HannesStark / EquiBind

EquiBind: geometric deep learning for fast predictions of the 3D structure in which a small molecule binds to a protein
MIT License
469 stars 110 forks source link

Scale off for results #36

Closed jadolfbr closed 2 years ago

jadolfbr commented 2 years ago

The program runs without issue, but the scale of the SDF molecule does not match the input scale/protein. Have you seen this before? Is there any recourse here?

Screen Shot 2022-06-16 at 1 10 33 PM Screen Shot 2022-06-16 at 1 10 16 PM
HannesStark commented 2 years ago

I have not encountered this before and am not sure how the issue occurs

jadolfbr commented 2 years ago

The odd thing is, the molecule in general is in a good docked place. The SDF molecule is preserved as well, but the scale is off.

Screen Shot 2022-06-16 at 1 18 32 PM
jadolfbr commented 2 years ago

I have now tried with Mol2 format and PDB format and I still get the same strange scale, so something is wrong with the post-processing. They are consistently the same scale - IE C-C bonds are 6.1A. I will see if I can share the inputs that I am using.

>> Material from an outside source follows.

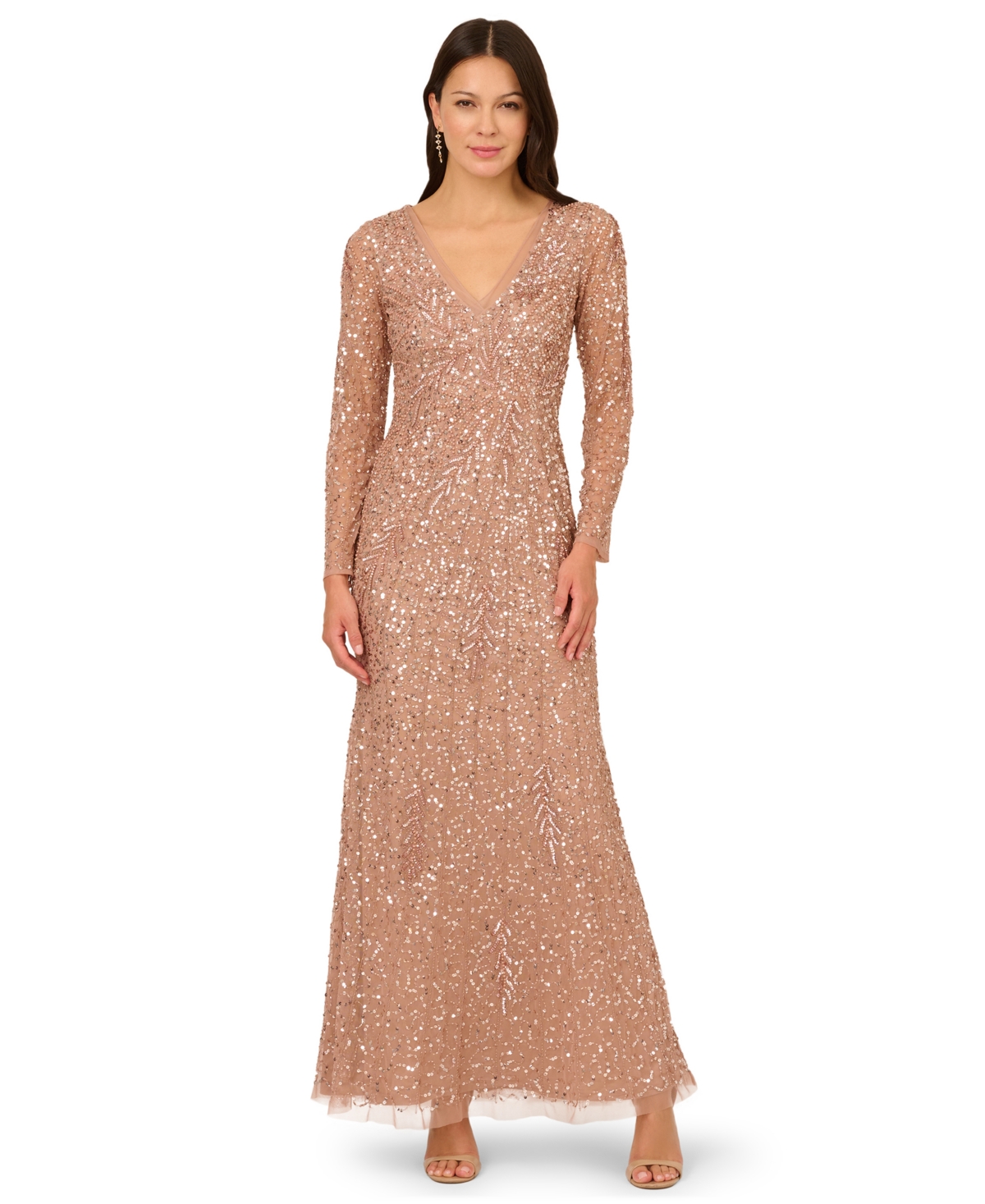 Adrianna Papell Women's Long-Sleeve Beaded Full-Length Gown
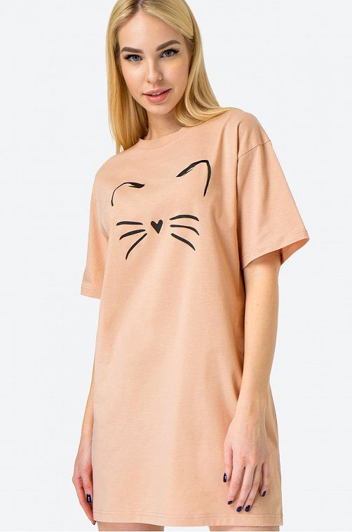 Домашнее платье не боится частых стирок и надолго сохраняет форму и цвет. Хлопковое платье-футболка дарит свободу движений благодаря крою oversize, удобным широким рукавам и длине выше колен. Подходит для ношения в период беременности и в обычной жизни.

HannesStark commented 2 years ago

I can not reproduce this issue and have also not encountered it before with other people using EquiBind. Sorry that I cannot be of further help here. Please let us know if you have any further insights!

jadolfbr commented 2 years ago

Sounds good. Looks like the Cuda torch version was different than system Cuda toolkit system version - 11.3 vs 11.4. I installed 11.4 and re-running on both GPU and CPU to see if anything comes out from that. Also working on being able to get you exact inputs to see if it can be reproduced, but that might take some time to get through.

jadolfbr commented 2 years ago

So digging further into this, the problem was a mismatch between cudatools version and PyTorch on our cluster. The issue is now resolved!